1\. No dead ends from distractions or on purpose. Amazon usually forces you to
screens you didn’t want to see. 2\. Checkout is faster or just as fast.

And if it’s wrong, it easy to return the same day for credit.

------
Princesseuh
Wouldn't it be better to show the intended font at first page (using font-
display: swap or fallback instead of optional) instead of a potentially uglier
fallback font until second page?

With swap (or fallback) the page is visible early using a fallback font but
you still end up with your "goal font" without having to reload or visit
another page

------
cdoxsey
These claims don't make sense together:

> Walmart is one of the top USA e-commerce retailers. In 2016, they were the
> second after Amazon by sales.

> In e-commerce, the conversion is directly affected by how fast the site
> loads.

Maybe site performance matters a whole lot less than developers think it does.
At least at this scale. Is the claim that users get tired of waiting and head
over to Amazon? Seems like there would be a lot of other factors in a decision
like, most of which would be far more important than load time.

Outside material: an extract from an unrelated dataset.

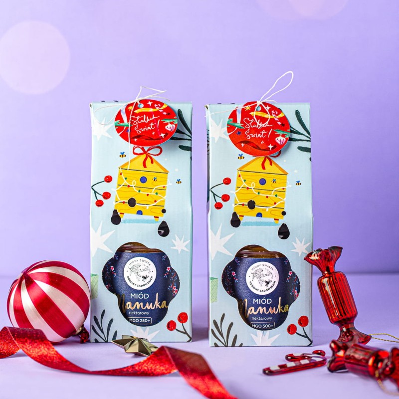 Szukasz wyjątkowego prezentu pod choinkę? Wybierz Miód Manuka prosto z Nowej Zelandii! To niewątpliwie najsłynniejszy miód świata - a znany jest ze swoich wyjątkowych właściwości. Najważniejszą jego cechą jest wysoka zawartość metyloglioksalu, w skrócie MGO. Nasze miody mają go aż 250+ lub 500+! Wybierz ten, który najlepiej Ci odpowiada, a my zapakujemy go w piękny kartonik ze świąteczną ilustracją i ozdobimy zawieszką z życzeniami Słodkich Świąt!

Or do they get tired of waiting and just decide not to purchase something? Do
they end up just purchasing it later? If they don't, then I guess people
didn't need whatever they were trying to buy in the first place? If that's the
case, maybe slow page load times are a good thing for society as a whole.
Perhaps we should be celebrating them as a check on empty materialistic
impulse buying.

FWIW Personally I prefer Walmart's site. I find it easier to use, I like that
I can sort by best sellers, and there seems to be less advertising noise in
the results. However it has a high minimum to get free shipping, a smaller
selection of goods, and some things seem to be more expensive.

But overall I was surprised by how good it turned out to be - give it a whirl
if you've never tried it. Amazon is ahead of the curve, but I'm starting to
wonder if they'll manage to hold onto that lead. A few missteps and things
could look completely different in a decade.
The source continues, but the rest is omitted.